3) $h_t = LSTM(e_t; h_{t-1})$

4) $Pr(a_t) = transform(concat(h_t, e_t))$ I think here it's optional to take $e_t$ into account.

### RL-MEM
#### Steps
Steps 1, 2, and 4 are the same as RL_LSTM. Assume we have n read heads.
3) 
$$
c^{ij}_t = similarity(k^i_t, M^j_{t-1}) \\
b^{i:}_t = softargmax(c^{i:}_t) \\
a^i_t = M^T_{t-1}b^{i:}_t \\
read(k_t, M_{t-1}) = [a^1_t, a^2_t, ..., a^n_t] \\ 
$$

$similarity(k^i_t, M^j_{t-1}) = cosine_distance$
   $read(k_t, M_{t-1}) = softargmax(sim(k_t, M_{t-1}))$
   $m_t = read(k_t, M_t)$
   $h_t = LSTM(e_t, m_t; h_{t-1})$
   $M_{t+1} = write(M_t, affine(h_t))$ We always write in an empty memory slot.

### MERLIN
We pass the state through a compression bottleneck to generate a lower-dimensional representation. The system is asked to recover the reward for a given state, but the state can be stored as it desires.
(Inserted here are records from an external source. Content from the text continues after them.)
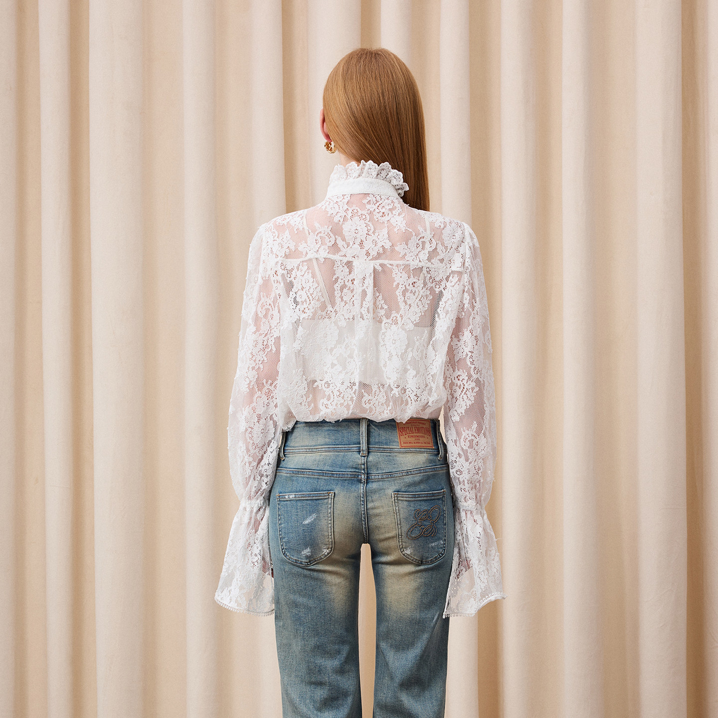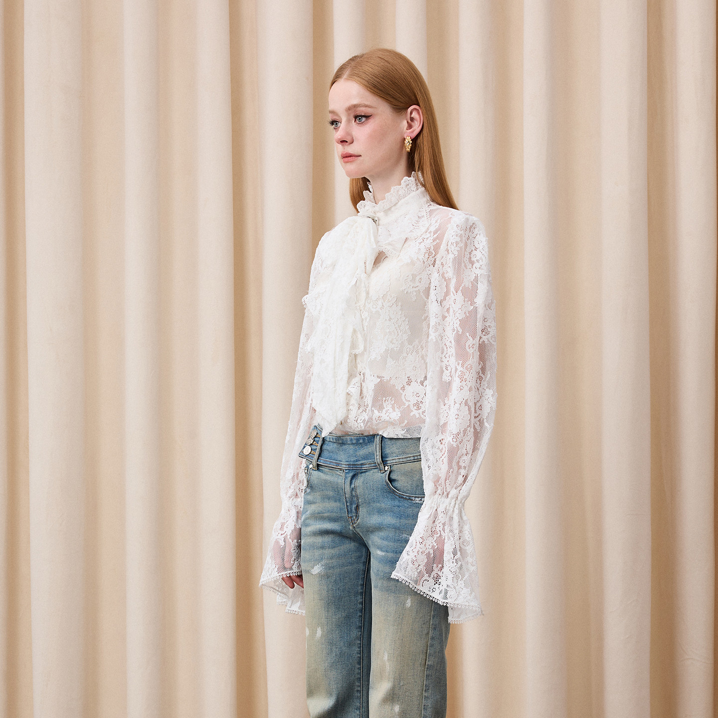 女雪纺衫 中长荷叶边蝴蝶结蕾丝衬衫 上衣 法式 Eimismosol2026新款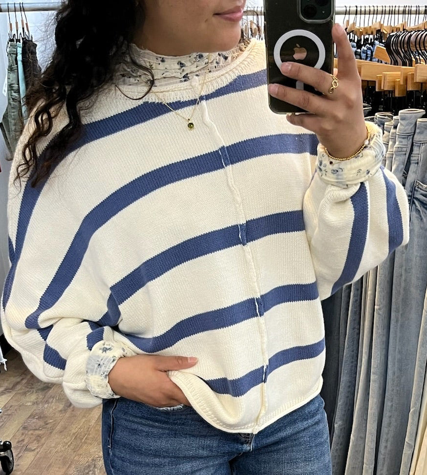 Effortless style meets cozy comfort in this dreamy cream and blue striped dolman sweater top. The relaxed dolman sleeves create a flattering, flowing silhouette perfect for layering or wearing solo. Crafted from soft slub fabric with a subtle texture, this piece brings an easy-breezy vibe to your everyday wardrobe. Whether you're heading to brunch or settling in for a casual day, this striped beauty is your new go-to for laid-back elegance.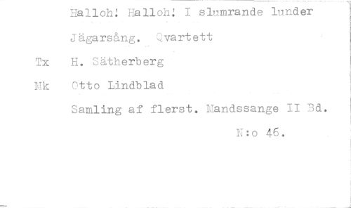 //// Halloh: Hallohl I slumrande lunder Jägarsång. Qvartett //// Tx H. Sätherberg //// Nk Otto Lindblad //// Samling af flerst. Mandssange II Bd. //// I'T:o 46. ////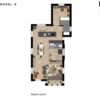 De indeling is als volgt: Entree, hal met toilet en meterkast, deur naar woonkamer aan de voorzijde met veel lichtinval rondom, woonkeuken met openslaande deuren naar de tuin, deur naar werkkamer aan de achterzijde. Vanuit de keuken kunt u naar de bijkeuken met deur naar de zijtuin. In de bijkeuken is ook de techniek en wasmachine-aansluiting gesitueerd.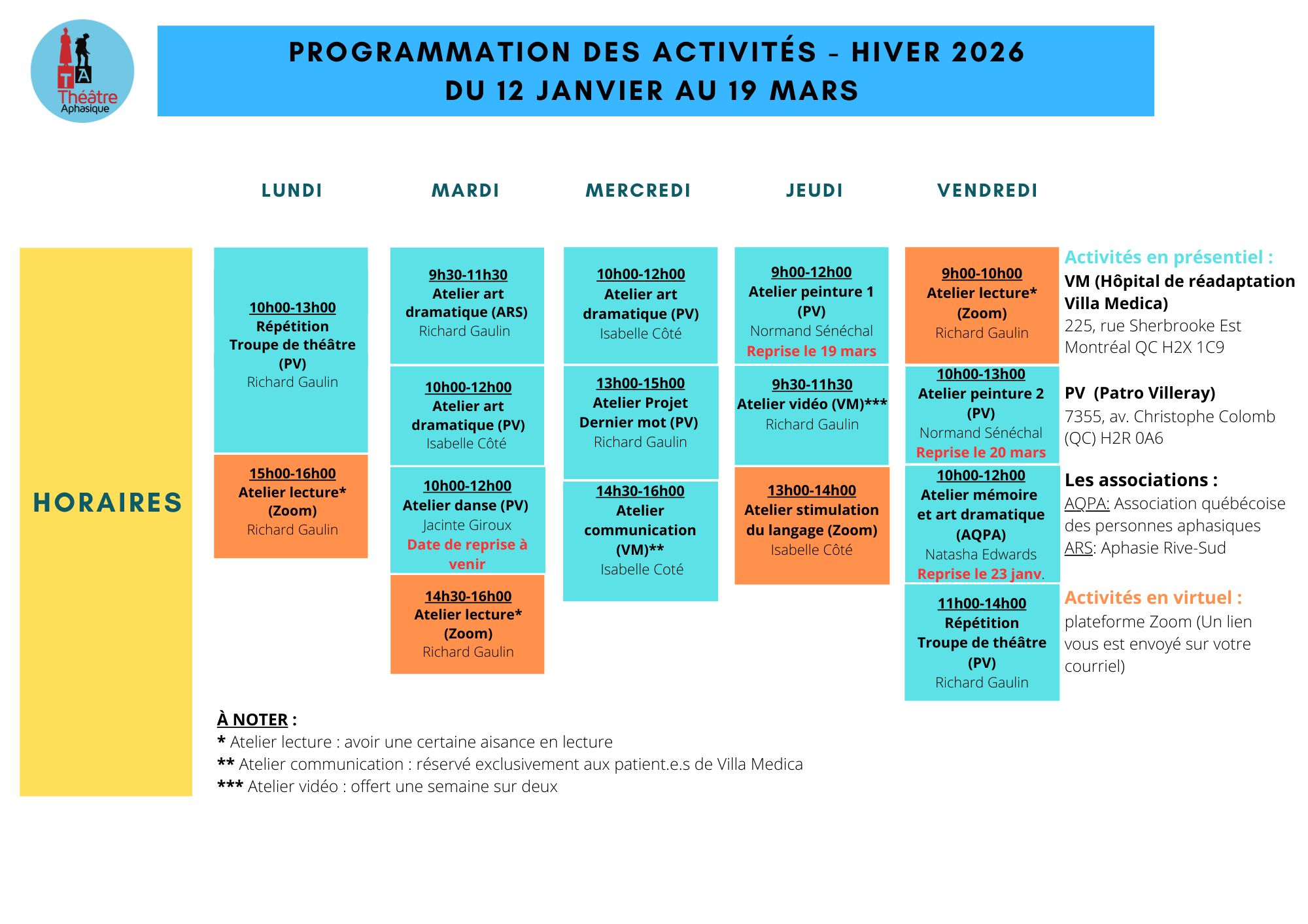 Le Théâtre Aphasique propose aux personnes aphasiques, qu'elles soient en réadaptation active ou non, des activités artistiques en théâtre, peinture, et danse. Ces ateliers visent à les aider à préserver leurs acquis, à se réadapter, et à rompre l'isolement par la socialisation.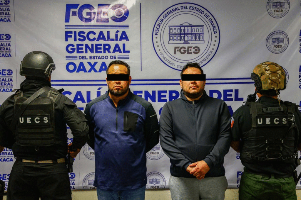 Oaxaca de Juárez, Oax., 26 de febrero de 2026.-La Fiscalía General del Estado de Oaxaca (FGEO) llevó a cabo la aprehensión de dos personas del sexo masculino, identificados por las iniciales D.D.C.F. -capturado en Nuevo León- y A.P.T., por delito de fraude cometido por trabajadores de la agencia de automóviles Chevrolet MEGA Oaxaca S.A. de C.V.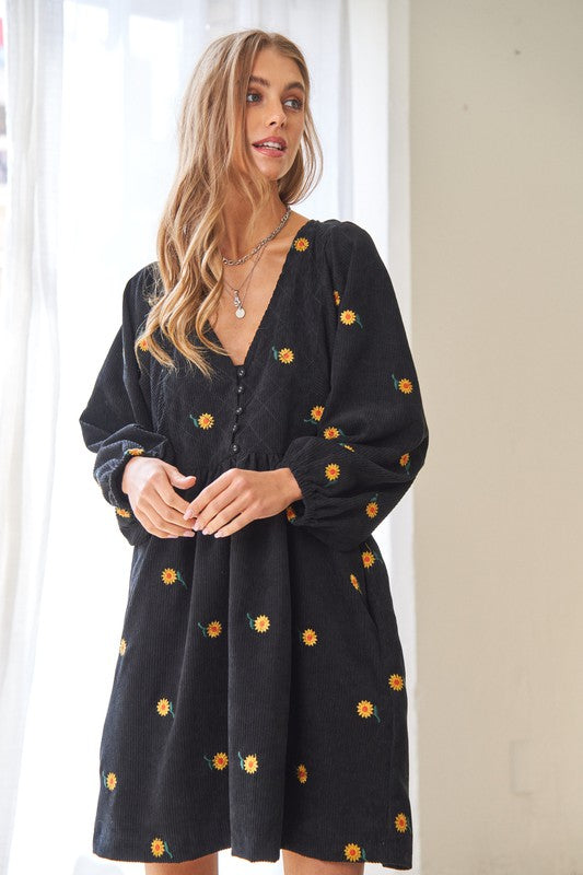 Corduroy Fabric Quilted Bib Henleystyle Mini Dress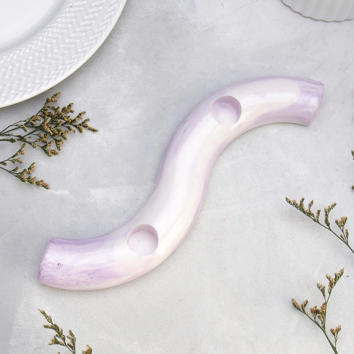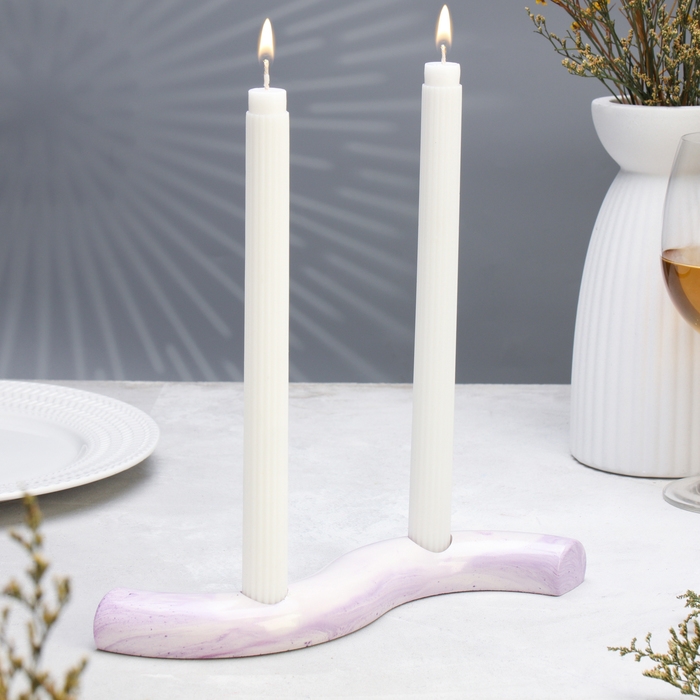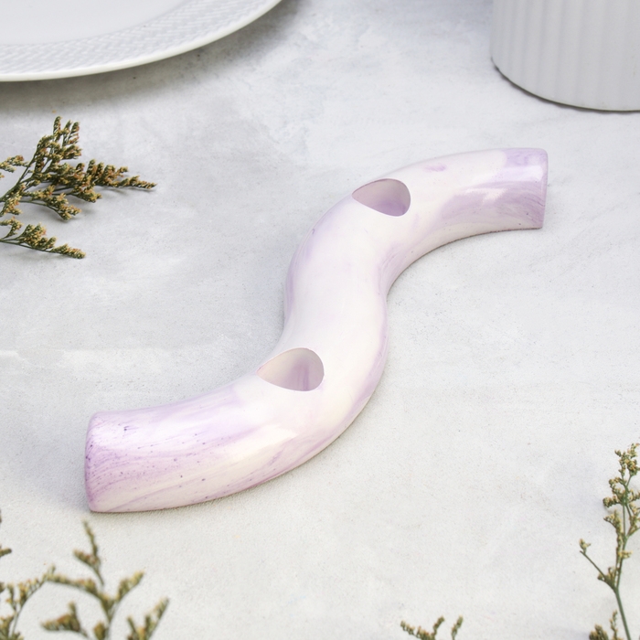 Подсвечник "Волны" для двух свечей из гипса,25х6х3см,мрамор с фиолетовыми полосками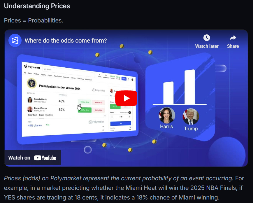 The widespread interpretation of prediction market prices as direct probabilities is unsurprising, particularly given that platforms like Polymarket explicitly present them as such. For example, here is a screenshot from their own website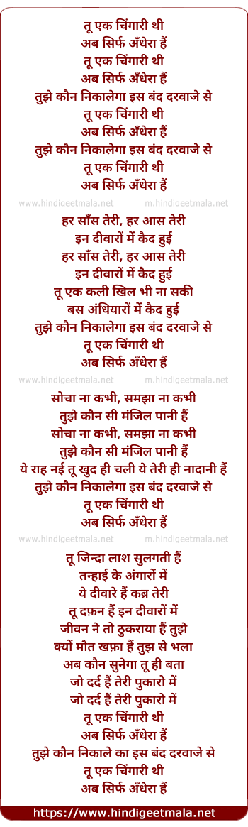 Lyrics of Tu Ek Chingari Thi - तू एक चिंगारी थी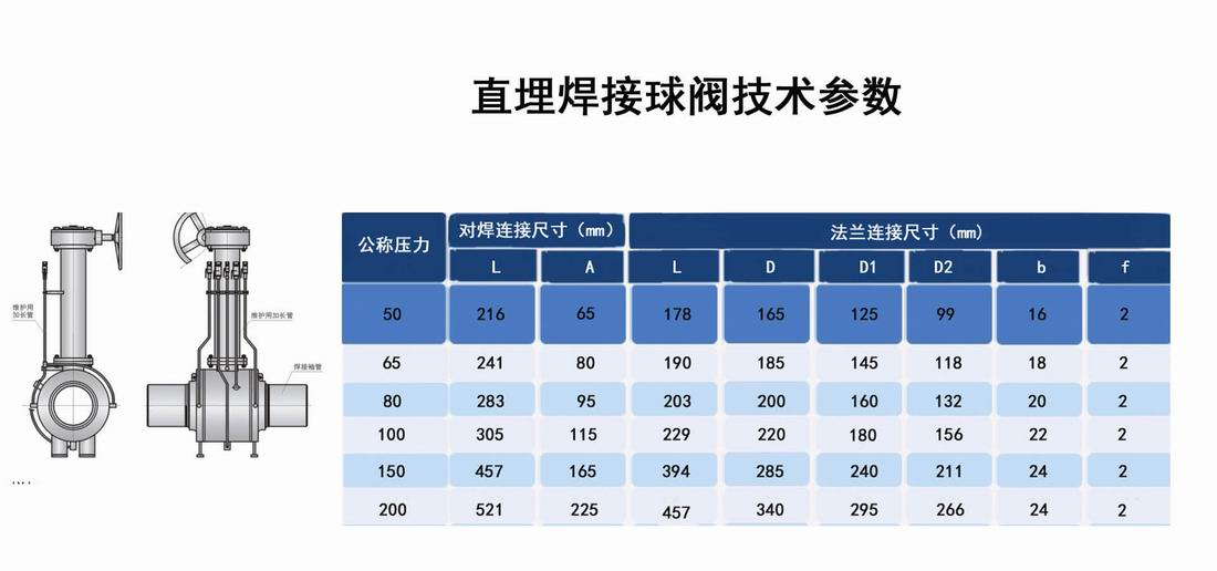 進口長桿直埋式全焊接球閥技術參數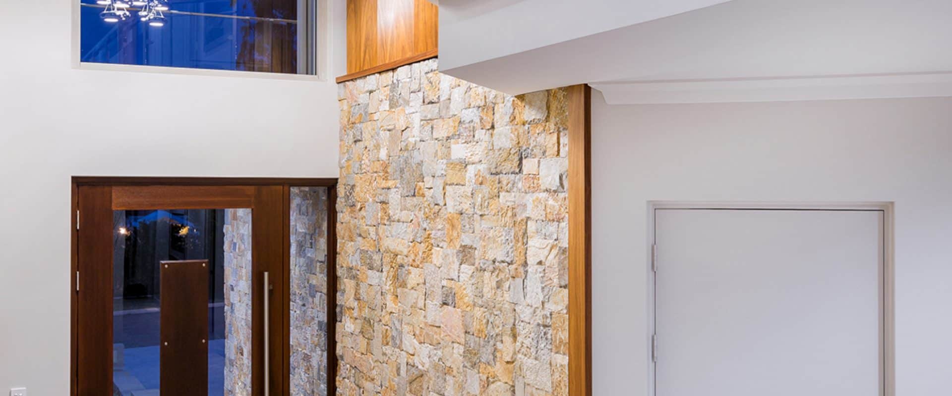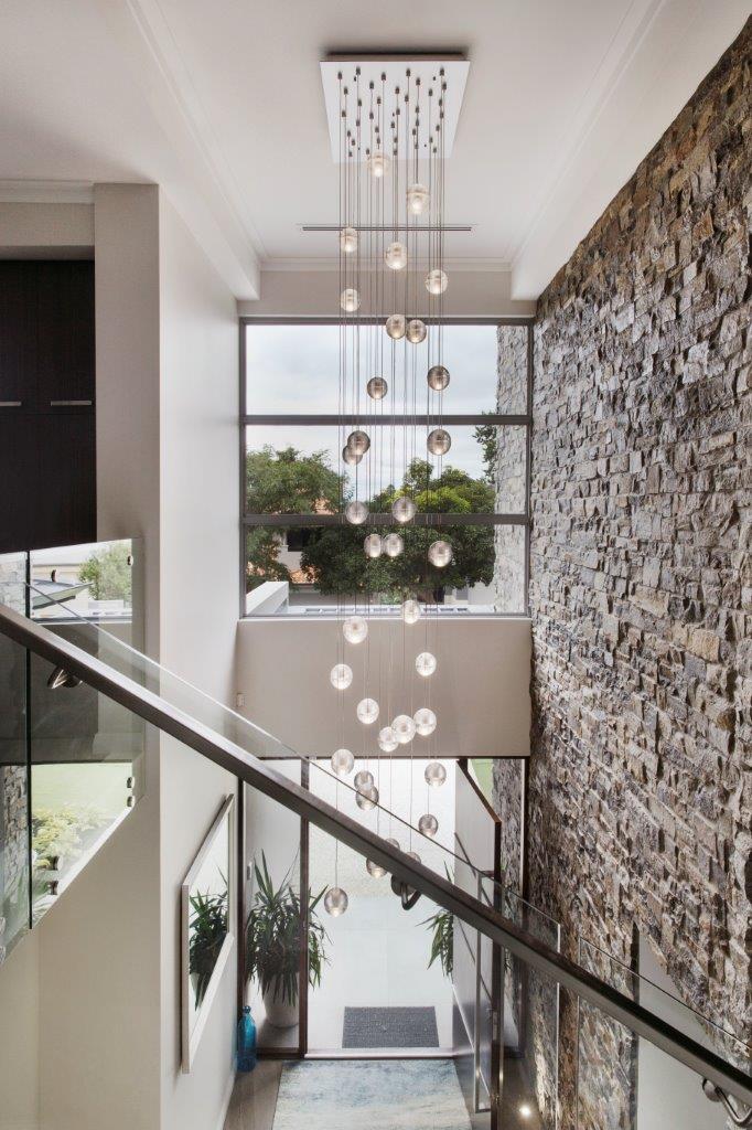 Perfectly at home in a modern setting, this home features a timber-lined ceiling and a distinctive stacked stone wall that continues inside to the impressive foyer, where the glass and stainless steel staircase takes off from its marble base to the upper floor.

It'd be interesting to think about the problem in terms of building world models.

# RL
## Initial definitions
Actions: the things the agent can do.
State: all the information about the place where the agent is.
Observation: information (potentially partial) about the state where the agent is.
Policy: map from observation to actions
* deterministic: you use a mlp to map from observations to a continuous space, which is the output of the mlp. {what can we do to map to a discrete space}
* stochastic
    * multinomial: we use a mlp and interpret the output as the log probabilities of a multinomial distribution
    * diagonal gaussian: we use a mlp to generate the mean of the gaussian. Then, two possibilities
        * fixed std
        * we use another mlp to generate the mlp
        Finally, we generate a sample by $\pi(a|s) = \mu + \sigma * z$ with $z ~ N(0, I).$ That z enables the expression to be a stochastic distribution. Otherwise, it would be deterministic.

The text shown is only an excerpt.